ハイブリッド車といえばその登場時トヨタの独壇場であったが、ホンダがその市場に参入すると面白い比較広告がトヨタからPRされた。それは二人乗り自転車の比較広告で、老人と子供の乗った自転車と筋肉もりもりの若者が二人乗った自転車との競争である。大変分かりやすい広告であった。しかしこの公告の甲斐無くホンダのハイブリッド車は市場に歓迎された。
今年になってスバルからXVというSUVのハイブリッドが登場した。スバルはトヨタとの提携関係にあるので、トヨタ方式のハイブリッド車が登場したのかと思ったら、ホンダ方式でモーターが小さいハイブリッド車であった。ただホンダと異なるのはエンジンと直結していないので、モーターだけの走行も可能になっている。
ハイブリッド車に関してはメーカー発表の燃費と実燃費の違いが問題にされており、やや胡散臭い車と思っていたが、スバルはハイブリッド車の魅力としてターボチャージャーのような役割として捉え、燃費向上を考えていない、と新車発表時に説明があった。
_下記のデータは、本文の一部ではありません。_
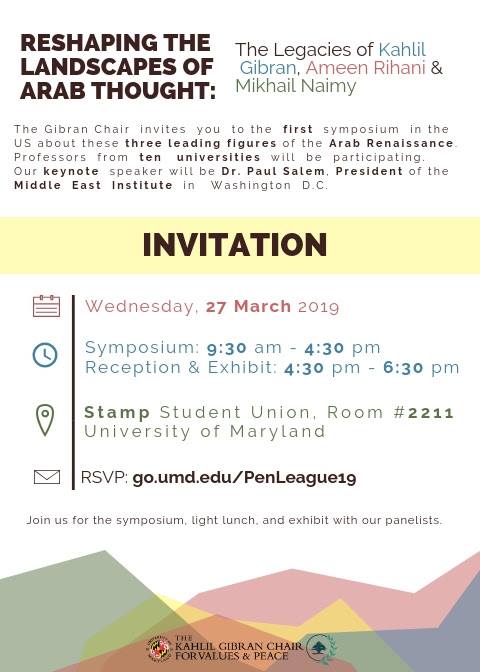 The Gibran Chair is holding a Symposium on Wedesday the 27th of March titled: Reshaping the Landscapes of Arab Thought: The Legacies of Kahlil Gibran, Ameen Rihani, and Mikhail Naimy. If you wish to attend please RSVP Here: ...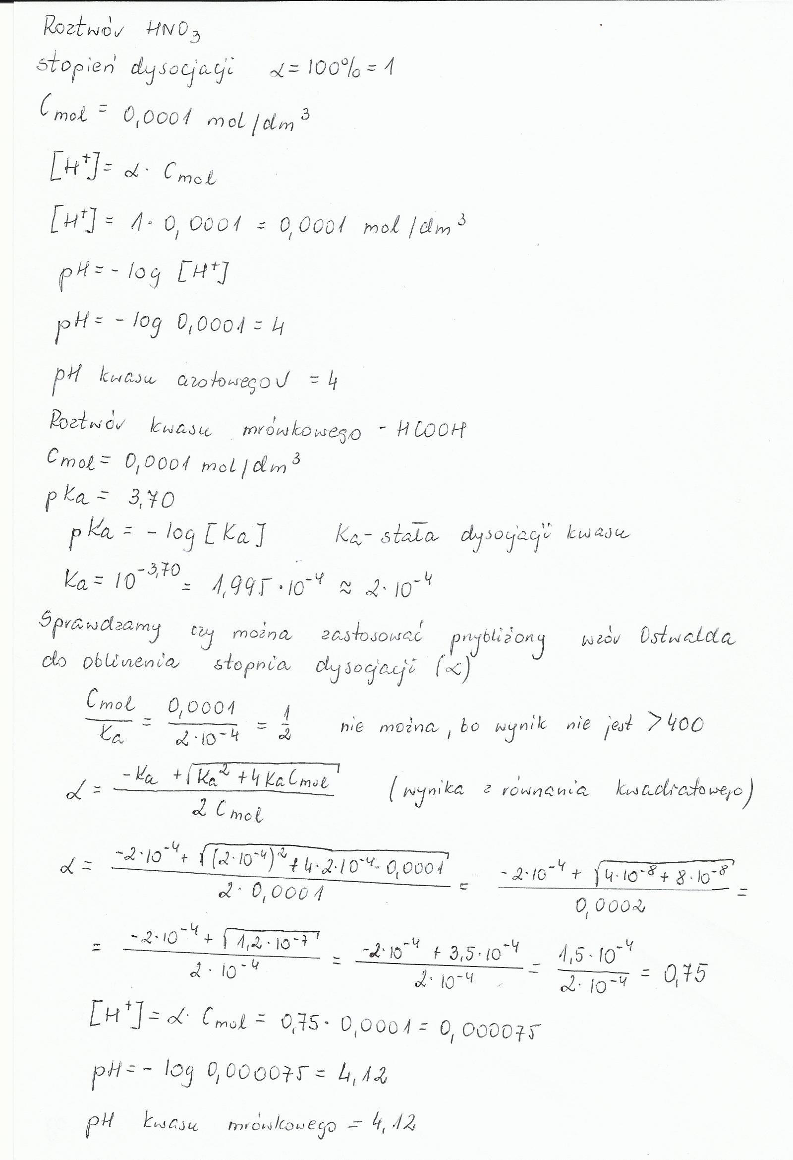 Oblicz i podaj jakie będzie pH 0,0001M roztworu kwazu azotowego ( HNO3 ) a jakie pH roztworu kwasu mrówkowego o tym samym stężeniu, wiedząc że pKa kwasu mrówkowego wynosi 3,70.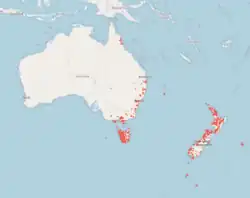 Distribution of D. menziesii in Australia and New Zealand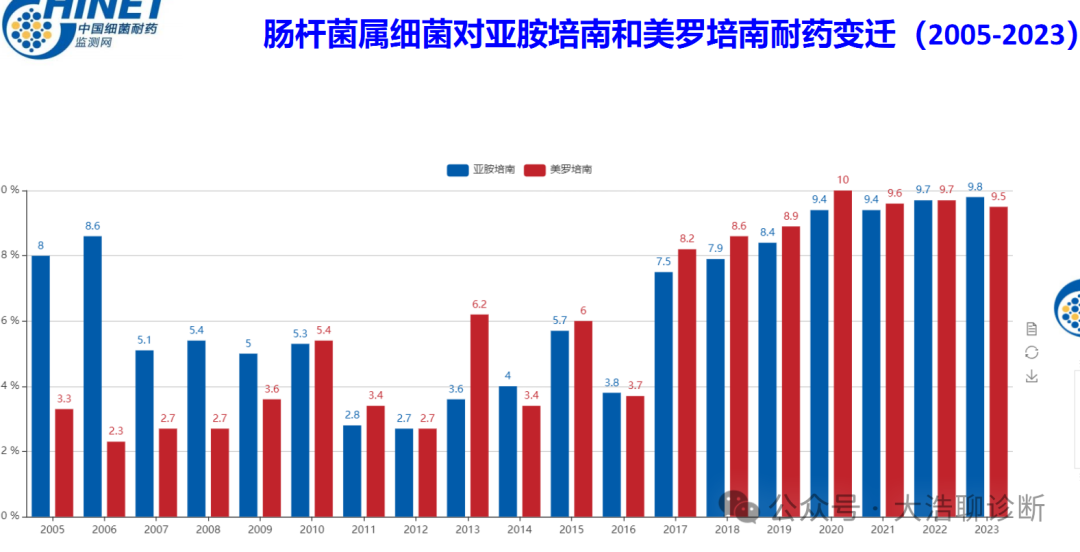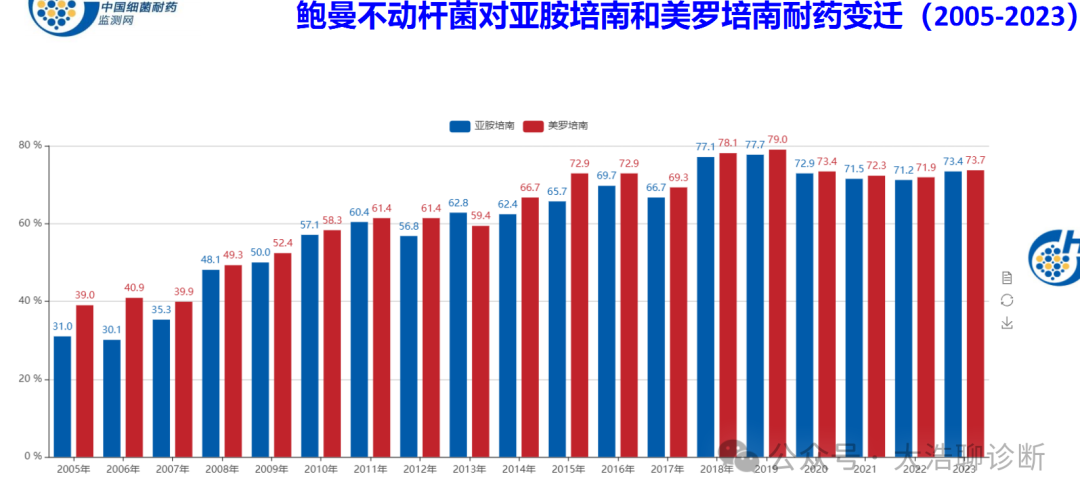 针对G-常见的鲍曼不动杆菌的耐药情况比例依旧超级高,其对亚胺培南和美罗培南的耐药率略有上升来到73.4%与73.7%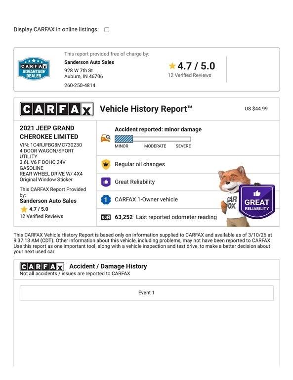 ALL WHEEL DRIVE LIMITED with the 3.6L V6, heated leather seats, panoramic moonroof, navigation, 18 inch wheels, heated steering wheel, backup camera, blind spot detection, cross path detection, keyless entry with remote start, power seats, power hatch, satellite radio, Wi-Fi, Bluetooth and more. This Jeep has been serviced and detailed in our shop. Sanderson Auto Sales has a one price policy. We take the hassle of haggling away by advertising our best price up front. Also, we will never try to sneak in a Documentation Fee or any other type of bogus charge to the final paperwork. Please keep this in mind when shopping for your next vehicle.

この潔さに魅力を感じ、試乗してみると、2000ccの排気量であるが、一クラス上の車のような運転感覚である。
プリウスはどちらかと言えば電気自動車的な未来感覚であったが、スバルXVはターボチャージャー付きの車をさらに改良したようなガソリンエンジン車という感覚のハイブリット車である。アクセルを踏み込めばポルシェと同じ水平対向エンジンの気持ちよい加速感である。WRXのような過激さはないが、アクセルに対する加速感の応答が自然である。加速感としてはホンダのCR-Zも面白いハイブリッド車であったが少し気恥ずかしさがあり購入を見合わせたが、XVは大人のハイブリッド車という印象を受けた。問題は車高の高さである。
トヨタの比較広告でハイブリッド車はトヨタというイメージを持っていたが、ホンダやスバルのようにエンジンをモーターでアシストするハイブリッド車という発想も悪くない。ターボチャージャーのような低回転域の非力さが無いので高排気量の車を運転しているような錯覚になる。
プリウスでも実燃費はカタログ値の60%から70%である。ハイブリッド車という技術を燃費改良という視点ではなく、ガソリン車の性能向上という発想で活用したスバルXVは、人生最後に選ぶ車の候補に考えても良いのかもしれない。実燃費もプリウスより1-2割悪いだけである。同じ価格で二クラス上の車という印象を与えるXVの商品価値は高い。少し値段は高いがホンダの話題の車アコードにも試乗してみたい。